Romney quickly put out a news release highlighting the misplaced emphasis on Muslim feelings, but it was badly worded and he would have been better advised to wait. He had a valid point to make, but in his haste he unwittingly triggered a media bonfire.
 
It’s not hard to understand why the embassy statement cried out for a retort.
 
Obama began his administration with what many have dubbed an “apology” tour, including a speech in Cairo in which he sought to ingratiate himself with the Muslim world and contrast his administration with that of George W. Bush.
 
And few could forget Obama’s creepy habit of bowing to various foreign leaders, or his inability to articulate the concept of American exceptionalism. Or his administration’s laughable attempt to rebrand war as “overseas contingency operations” and terrorist attacks as “man-caused disasters.”
 
The Obama administration was and is vulnerable to accusations of insufficient vigor in defending U.S. interests and values, and Obama’s “lead from behind” approach has arguably contributed to the spectacle of a Middle East in flames.
 
But Romney’s initial statement was marred. Its key passage said the Obama administration’s “first response was not to condemn attacks on our diplomatic missions, but to sympathize with those who waged the attacks.”
 
That made it sound as if he was accusing the administration of sympathizing not only with the attackers in Cairo, but those in Libya, where a coordinated assault by terrorists resulted in the death of U.S. Ambassador Christopher Stevens and three other U.S. personnel.
 
Yet in his statement the next day, Romney made it clear that his “sympathize” remark had applied only to Cairo. The administration, he said, “was wrong to stand by a statement sympathizing with those who had breached our embassy in Egypt, instead of condemning their actions.”
 
Many in the media worked themselves into a how-dare-you-lather, arguing that Romney had been too hasty (agreed) and claiming the Cairo statement wasn’t fair game (absurd).
 
It turns out that administration officials in Washington also saw the Cairo release as appalling.
 
Josh Rogin of Foreign Policy magazine reported that the embassy official who put out the “feelings of Muslims” statement first sent it to Washington and was told not to release it without revisions.
 
It went out anyway, angering top people at the White House and State Department, according to Rogin.
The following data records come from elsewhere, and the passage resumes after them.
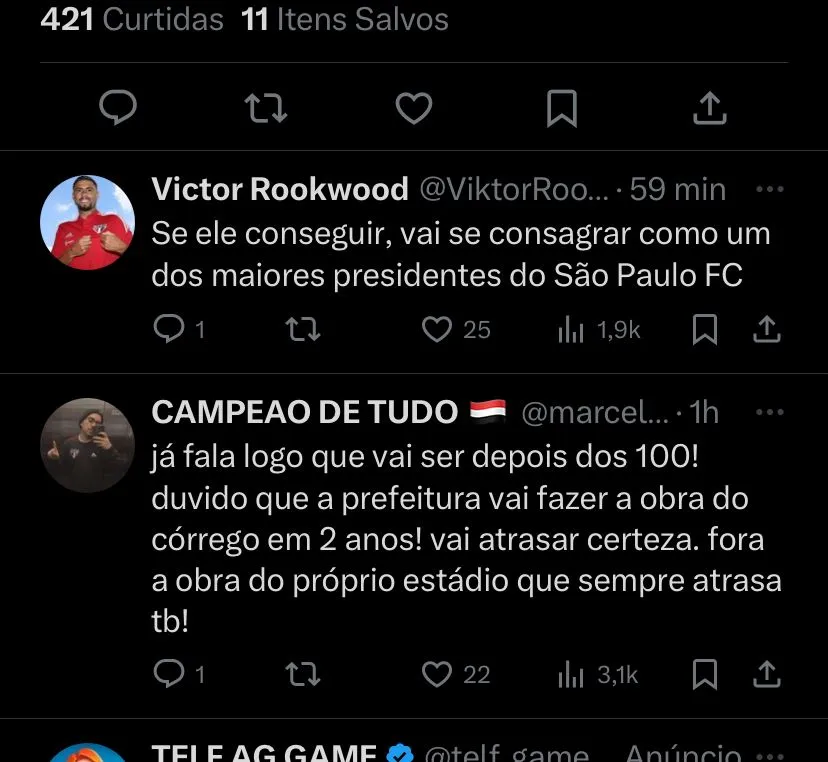 “Não há nada previsto. O Lucas voltou neste ano. Muitos duvidavam. O Calleri, o Rafinha, o Arboleda, todos foram grandes contratações. Porque renovação de contrato é grande contratação. Mas eu alerto: às vezes, aparece (informações de negociações com) jogador no qual nós nem estamos pensando”, finalizou. Houve também novas atualizações sobre James no Tricolor.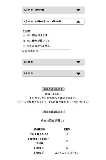 一方のエスコートは、URLをクリックすると、次のような画面が出てきて、複数の日時の回答を一回で答えられるようになっています。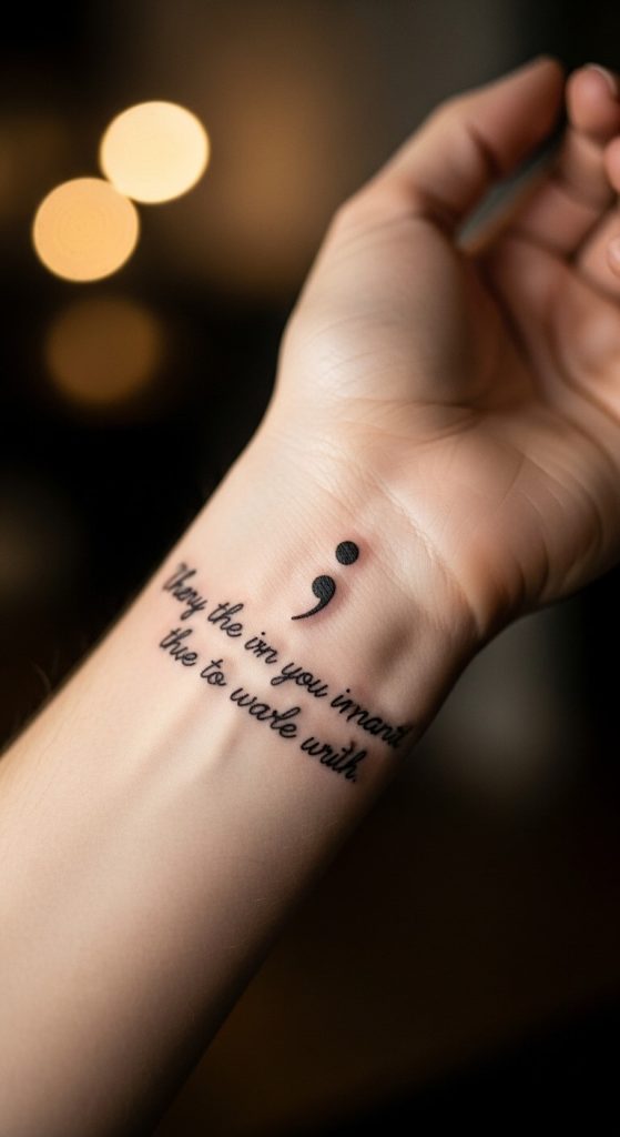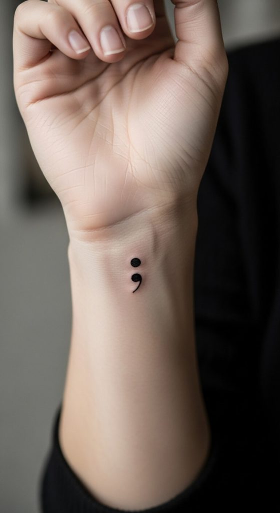 If you’re a fan of subtlety, the minimalist semicolon tattoo is perfect. Tiny, elegant, and easy to hide if needed, these small tattoos pack a punch.

Rogin’s source told him officials in Washington found the statement “tone deaf.” That’s putting it mildly, which explains why it was later disavowed.
 
A subsequent statement by Secretary of State Hillary Clinton said: “Our commitment to religious tolerance goes back to the very beginning of our nation. But let me be clear: There is never any justification for violent acts of this kind.”
 
In other words, she put in what Romney said the Cairo statement had left out.
 
Romney was also assailed for “conflating” the embassy statement with administration policy, which strikes me as weird. How was he to know the Cairo official was a loose cannon? Don’t U.S. embassies represent the U.S. government?
 
And yet, had Romney waited a few hours, he might have avoided a good bit of this muddle, leaving his main point clear.
 
As is evident from this – as well as the antagonistic coverage of his foreign trip during the summer – Romney is facing an extremely hostile press, and he will have to learn to manage that problem more adroitly.